Especially those who see success as confirmation of personal virtue, caste-ing them higher in status than the nameless, faceless, numberless cheats and slackers among the unwashed Irresponsibles.


  1. Andrew Dahm says:

    Great article, Tom, and the use of the word “caste” in the last para is certainly apropos of the Republican Party’s efforts to foreclose opportunity for many citizens of our country.

    Speaking of caste, if we are to put an end to social mobility and freeze socioeconomic class in amber, this would be a bad time to do it. One can make a strong argument that America’s wealth is concentrated in some pretty unremarkable hands right now.

    First, let’s look at Germany’s wealthiest of the wealthy.

    You’ve got Karl Albrecht, who built the Aldi and Trader Joe’s grocery chains. His companies employ tens of thousands of people. He was born in Essen; his Dad worked as a miner. He pays a marginal income tax rate of over 40% to a government that collects about 30% of GDP, but hasn’t started an anti-government television station. I believe he’s into orchids.

    You’ve got Hasso Plattner, who started the software firm SAP. He spends a lot of his time and money helping education – he’s funding a foundation with about $65 million of his own money. SAP employs over 55,000 people.

    There are other rich Germans, with their hands in trucking, building cars, advertising, stuff like that. The top ten net-worth individuals in Germany employ hundreds of thousands of people.

    In terms of class and caste, our wealthy are, by comparison, borderline untouchable.

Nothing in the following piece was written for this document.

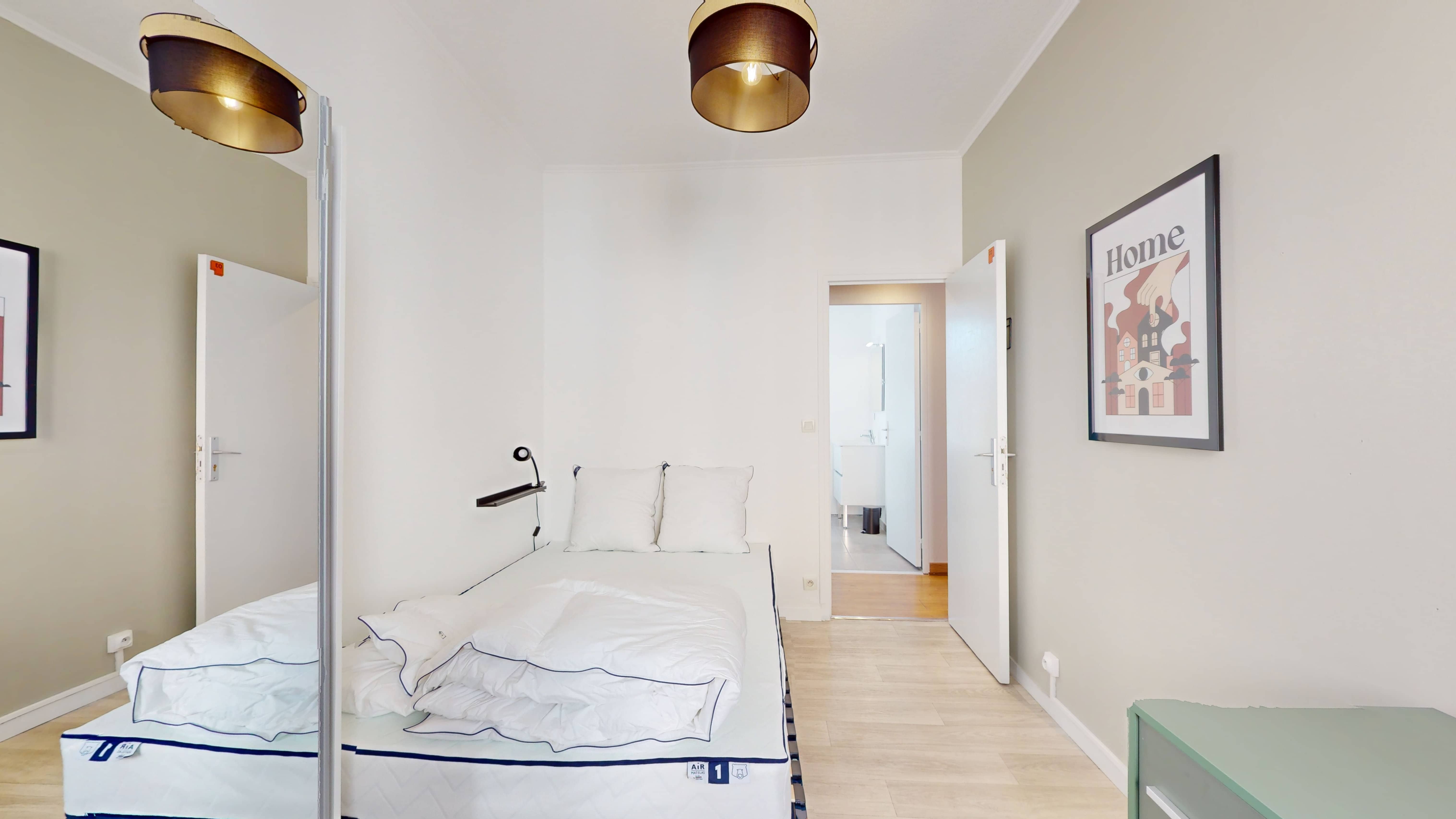 La chambre 3 est conçue juste pour vous, avec un confortable lit double, une armoire spacieuse et un espace de travail composé d'un bureau et d'une chaise. Vous partagerez une salle de bain moderne avec quelques autres colocataires, mais pas de souci, il y a assez d'espace pour que tout le monde se prépare sans stress.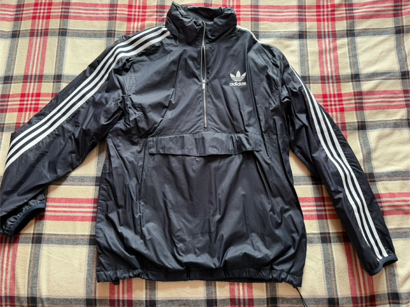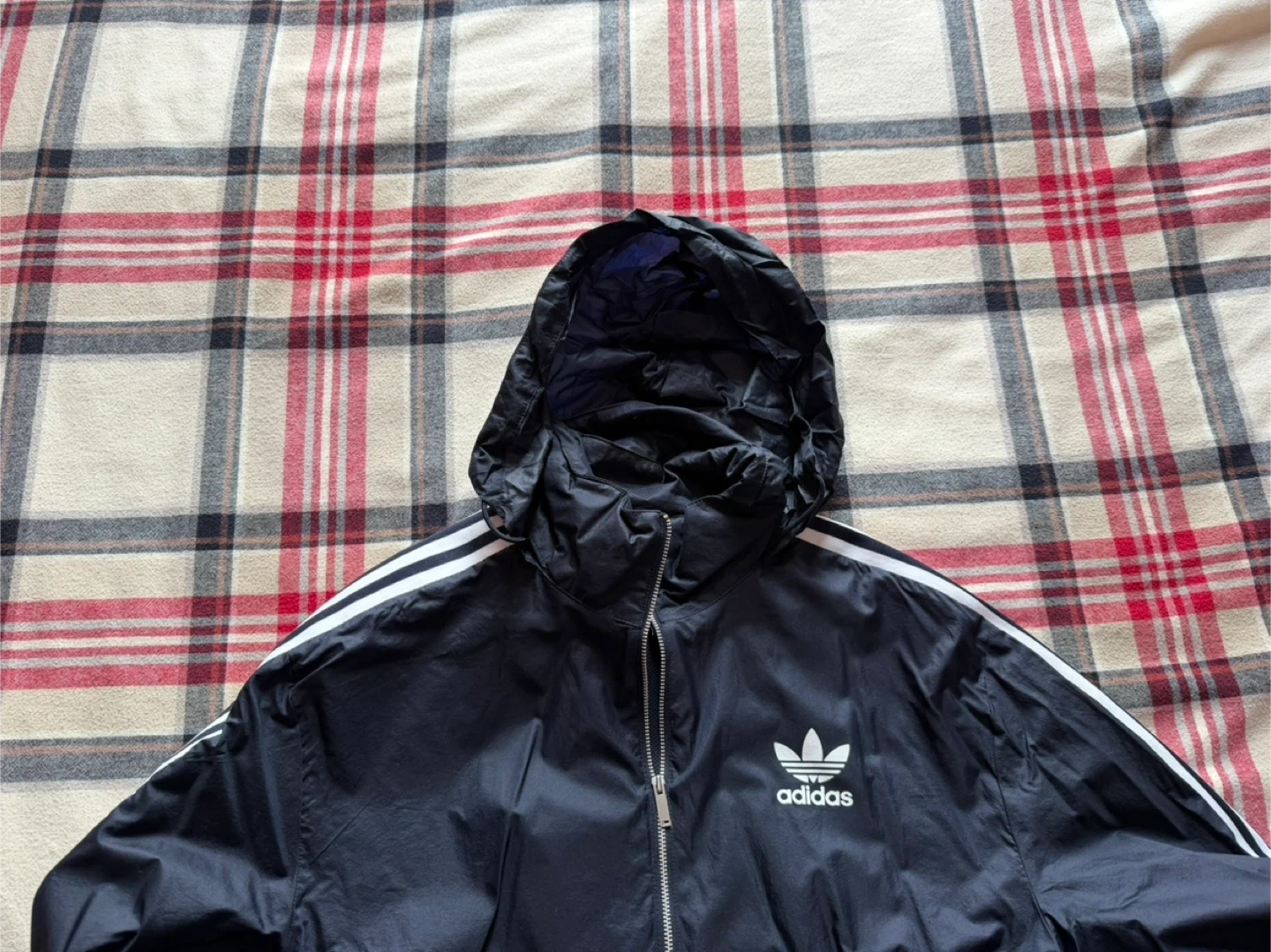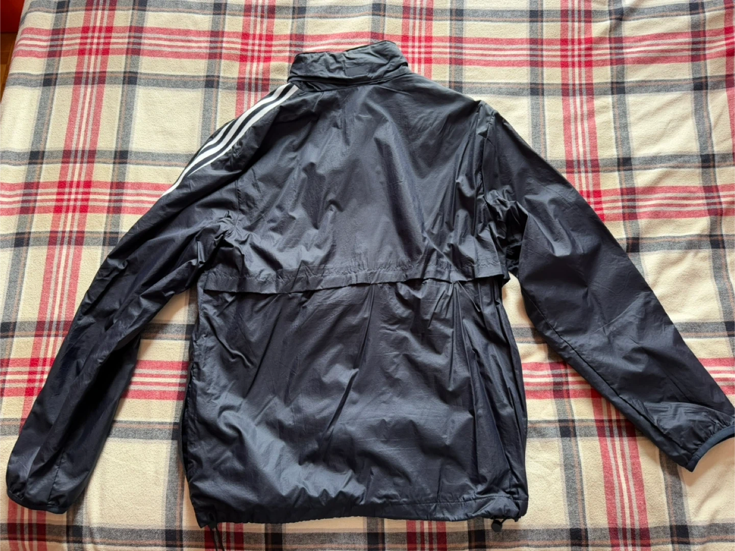 This is a navy blue Adidas windbreaker jacket with the classic three stripes. It features a hood and a zippered front pocket in addition to two side pockets. It's made from a lightweight material.

    There’s Bill Gates and Larry Ellison, Microsoft and Oracle, respectively. Two technological innovators who’ve created a lot of jobs. And, of course, Mr. Gates has been a generous philanthropist, funding projects in Asheville that have made a real difference.

    And there’s Warren Buffett, a great guy I’m sure, but not a job creator in the strict sense.

    But these three are outliers, atypical of a top-ten that’s long on inherited wealth and short on any sense of the duty that comes with such good fortune.

    You’ve got the Koch brothers, whose Daddy bought them a petrochemical empire. They’re very active politically, and seem to have no sense of shame when it comes to lying, character assassination, and other means-to-ends that always comport with their own selfish interests.

    You’ve got members of the Walton family, inheritors of the Wal-Mart fortune, which pile of cash exists in part due to such federal subsidies as Medicaid and food stamps. Wal-Mart’s pay and benefits are so low that every job at their stores is effectively underwritten by the federal government. One would hope to see some class from the Walton family when it comes to defending AFDC, WIC, public schools, etc., but the silence is deafening.

    If we’re going to put an end to social mobility in this country, I say we call a misdeal and start over, in hopes we get a better set of high cards than we’re stuck with right now.

    We do, in fact, have an underclass in this country. It happens to be running things.

  2. Ascend of Asheville says:

    “Twelve voices were shouting in anger, and they were all alike. No question, now, what had happened to the faces of the pigs. The creatures outside looked from pig to man, and from man to pig, and from pig to man again; but already it was impossible to say which was which.”